Without a doubt, these are difficult challenges, but an uncertain reimbursement landscape has a number of negative consequences for maximising the potential for digital health solutions.

First, the hype around digital health could result in a digital health "bubble", where value is inflated and not reflected in future revenue streams.

Second, many digital health solutions may not presently be financially viable, leaving only digital giants able to afford the front-end carrying costs, and resulting in fewer suppliers further down the road.

Third, the types of digital health tools adopted by practitioners could be limited. Providers may want to invest only in digital health products that result in cost savings related to the delivery of health care services, and may lack incentives to invest in digital health products that aim to prevent or delay interventions through self-management or early intervention, if this reduces their volume of services.

This is not to say that health care providers are motivated solely by economics, and we roundly reject this sentiment. At the same time, however, it would be foolish not to acknowledge the fact that economic factors must come into play in decision making: providers must be able to financially sustain themselves.

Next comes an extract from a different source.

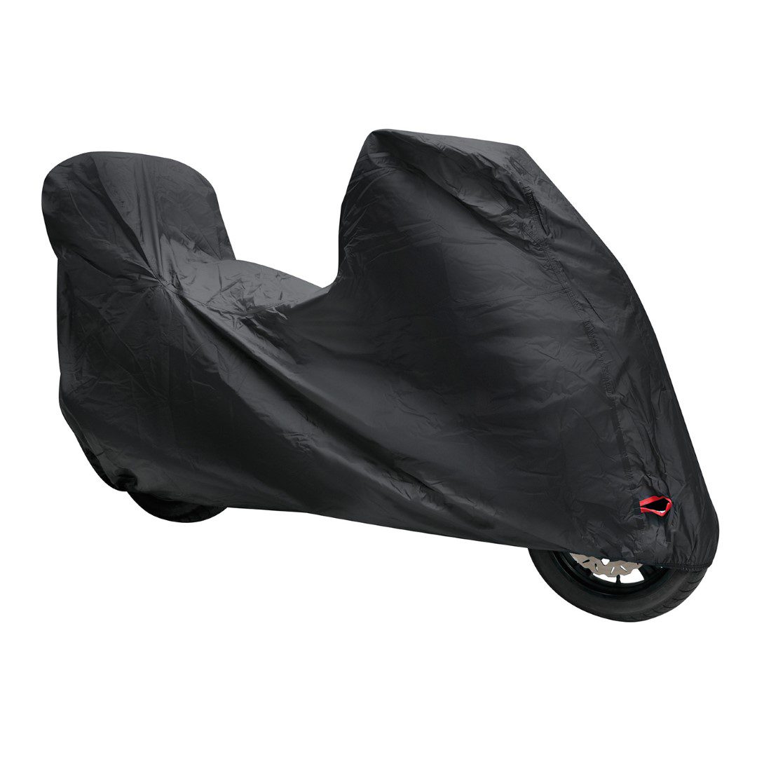 Προστατευτική κουκούλα μηχανής/μοτοσυκλέτας COVERLUX PLUS, ιταλικής προέλευσης, κατάλληλη για χρήση σε όλες τις καιρικές συνθήκες, καθώς με τη χρήση της αποτρέπονται οι επιβλαβείς αχτίδες του ηλίου, η βροχή, ο αέρας, το χιόνι, η σκόνη, οι κουτσουλιές από πτηνά, κ.ά. από το να εισχωρήσουν στα μηχανικά, μεταλλικά και πλαστικά μέρη του οχήματος και να τα φθείρουν. Πρόκειται για μια κουκούλα με εξαιρετικά μαλακή σε υφή εσωτερική επένδυση και εξωτερική πλαστικοποιημένη αδιάβροχη επίστρωση υψηλής ποιότητας και αντοχής, ιδανική για μηχανές, οι οποίες είναι εξοπλισμένες με ζελατίνη (ανεμοθραύστη) μπροστά και μπαγκαζιέρα αποθήκευσης στο πίσω μέρος τους. Οι ραφές της καλύπτονται από ειδική αδιάβροχη ταινία για αποφυγή εισχώρησης υγρού στοιχείου στο εσωτερικό μέρος της και διαθέτει λάστιχο στο μπροστινό και στον πίσω τροχό μαζί με ιμάντες συγκράτησης για να μπορεί να συγκρατείται ικανοποιητικά επάνω στο όχημα ακόμη και σε περίπτωση ισχυρών ανέμων. Επίσης, επάνω στη κουκούλα υπάρχει ειδική οπή για να μπορείτε να τοποθετήσετε αντικλεπτική κουλούρα ασφαλείας (δεν περιλαμβάνεται). Είναι ιδιαιτέρως ελαφριά σε βάρος για να μπορείτε να την τοποθετείτε/αφαιρείτε με ευκολία καθημερινά και στη συσκευασία περιλαμβάνεται ειδικό σακίδιο αποθήκευσης και μεταφοράς. Εύκολη και γρήγορη χρήση.

Finally, if the health care provider community is not actively adopting these tools, then their patients may not have an incentive to do so themselves.


All is not doom and gloom, however. Payment systems in both the United Kingdom and United States have been evolving to support digital health innovation.

In the United States, for example, reimbursement for telemedicine services has slowly been gaining ground. Medicaid programmes reimburse a wide range of telemedicine services and Medicare, despite continuing to burden telemedicine reimbursement with highly restrictive qualification requirements, continues to add services subject to reimbursement. Most states have legislatively mandated that private insurance programs reimburse telemedicine services, and in some instances mandate reimbursement at the same economic level as in-person services.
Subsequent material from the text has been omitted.